Based on the above assumptions, the high-speed non-Darcy seepage of gas-water is described by the quadratic equation of Forcheimer
Figure DEST_PATH_GDA0001339273280000101
Figure DEST_PATH_GDA0001339273280000102
The velocity coefficients of the aqueous and gas phases were:
Figure DEST_PATH_GDA0001339273280000103
δ=7.644×1010.
neglecting the influence of capillary forces, then pw=pgP, the velocities of the aqueous phase and the gas phase are respectively
Figure DEST_PATH_GDA0001339273280000111
Figure DEST_PATH_GDA0001339273280000112
Considering the definition of the gas-water two-phase analog pressure function:
Figure DEST_PATH_GDA0001339273280000113
suppose the water-gas mass ratio alpha is mw/mgThen mass flow of gas mg=qscρsc,mw=aqscρscThe solution conditions are:
r=rw,p=pwf,r=re,p=pe
combining the formulae (1) to (4) to obtain
Figure DEST_PATH_GDA0001339273280000114
Combining the solution conditions, the above formula is calculated separately:
Figure DEST_PATH_GDA0001339273280000115
will be provided with
Figure DEST_PATH_GDA0001339273280000116
Substituting the formula to obtain:
Figure DEST_PATH_GDA0001339273280000117
because:
Figure DEST_PATH_GDA0001339273280000118
therefore, it is not only easy to use
Figure DEST_PATH_GDA0001339273280000119
Figure DEST_PATH_GDA0001339273280000121
The same principle is that:
Figure DEST_PATH_GDA0001339273280000122
thus:
Figure DEST_PATH_GDA0001339273280000123
if the imperfection of the gas well is considered, the skin coefficient is assumed to be S, mg=qscρsc,mw=aqscρscObtaining:
Figure DEST_PATH_GDA0001339273280000124
order:
Figure DEST_PATH_GDA0001339273280000125
Figure DEST_PATH_GDA0001339273280000126
thereby obtaining the capacity equation of the water producing gas well:
Figure DEST_PATH_GDA0001339273280000127
in the formula, A is a productivity equation Darcy coefficient; and B is the productivity equation non-Darcy coefficient.
Capacity prediction solving:
1) let p bewfValue, peIs the formation pressure;
2) calculating the average molecular weight according to the natural gas components;
Figure DEST_PATH_GDA0001339273280000128
Mg: relative molecular weight of natural gas;
yi: the mole fraction of natural gas component i; mi: the relative molecular mass of component i; n: number of components
3) Obtaining the density of the natural gas according to the natural gas state equation
Figure DEST_PATH_GDA0001339273280000131
Calculating rhog
P: absolute pressure, MPa; r: molar gas constant, 0.008471; t: absolute temperature, K; m: gas mass, Kg; v: volume of gas, m3
4) Calculating mu according to the composition data of natural gasgIs plotted against p, and p is obtainede、pwfμ at valueg
Figure DEST_PATH_GDA0001339273280000132
5) Drawing the water yield according to the relative permeability curve
Figure DEST_PATH_GDA0001339273280000133
Curve (f) as a function of the water saturationw~sw);
WGR: water-to-gas ratio of production, m3/104m3;Rwgr: water-to-gas ratio of condensed water, m3/104m3
6) According to
Figure DEST_PATH_GDA0001339273280000134
Calculating f under one gas-water ratiowIn the phase of penetrationFinding f on the curvewCorresponding swValues, and thus s, on the relative permeability curvewCorresponding Krg、Krw
7) Utilizing the steps 1) to 6) to calculate the Darcy coefficient A of the productivity and the non-Darcy coefficients B, psi (p)e)、ψ(pwf);
8) When p iswfAnd when the yield is 0, the yield of the gas well is the productivity of the gas well.

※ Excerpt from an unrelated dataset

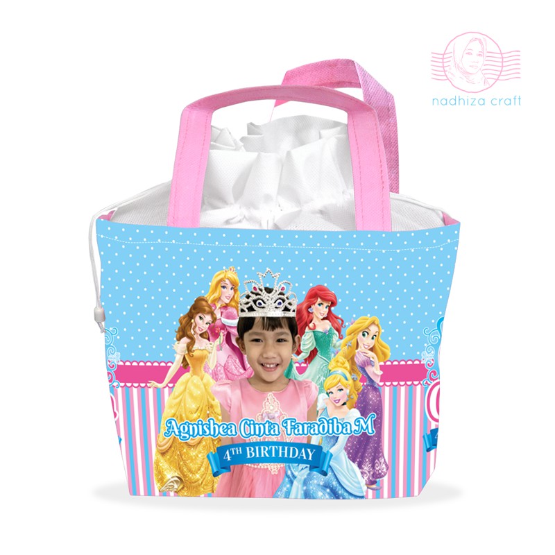 * Tas ultah dengan model serut tali bahan spunbound dengan kombinasi banner printing berkualitas

2. Research on influence rule of gas reservoir water production on gas well productivity
The change of the gas well productivity is mainly influenced by two factors: first, a reduction in formation pressure; and secondly, the gas well productivity is reduced due to water production in the gas well production process. The result of these two factors together will have a large impact on the productivity of the gas well. Therefore, the research comprehensively considers the changes of the formation pressure and the water-gas ratio and determines the relation between the changes of the formation pressure and the water-gas ratio and the productivity.
Selecting a certain gas reservoir as an example, based on the average physical properties of the gas reservoir (the permeability is 1.9mD, the pressure of an original stratum is 52.5MPa, the gas phase relative density is 0.75, the control radius of the gas reservoir is 1500m, the thickness of a gas layer is 30m, the viscosity of gas is 0.02mpa.s, and the skin factor is 0), the phase permeability curve of the gas reservoir is shown in figure 1, the capacity under the production conditions of different water-gas ratios is calculated by adopting the established capacity equation of a water-producing gas well, meanwhile, the influence of condensate water and bound water in production is considered, and the initial value of the water-gas ratio is set as 0.5m3/104m3
Therefore, different water to air ratios were chosen: 0.5, 2, 4, 6, 8, 10, 15m3/104m3The productivity equation coefficients of the gas reservoir are shown in table 1, and the productivity (no resistance flow) under different lamination pressures and water-gas ratios is shown in table 2 and fig. 2-3. And obtaining a relation function between the unobstructed flow of the gas reservoir and the change of the water-gas ratio:
QAOF=-A2lnWGR-B2
and the relation function of the gas reservoir unobstructed flow rate along with the change of the formation pressure:
QAOF=A1lnP-B1
from the above chart, it can be seen that:
(1) the change of the gas-water ratio has larger influence on the unobstructed flow of the gas reservoir, the unobstructed flow is reduced along with the increase of the gas-water ratio, and the gas-water ratio is from 0.5 to 15m3/104m3And the unimpeded flow rate is reduced by 72 percent.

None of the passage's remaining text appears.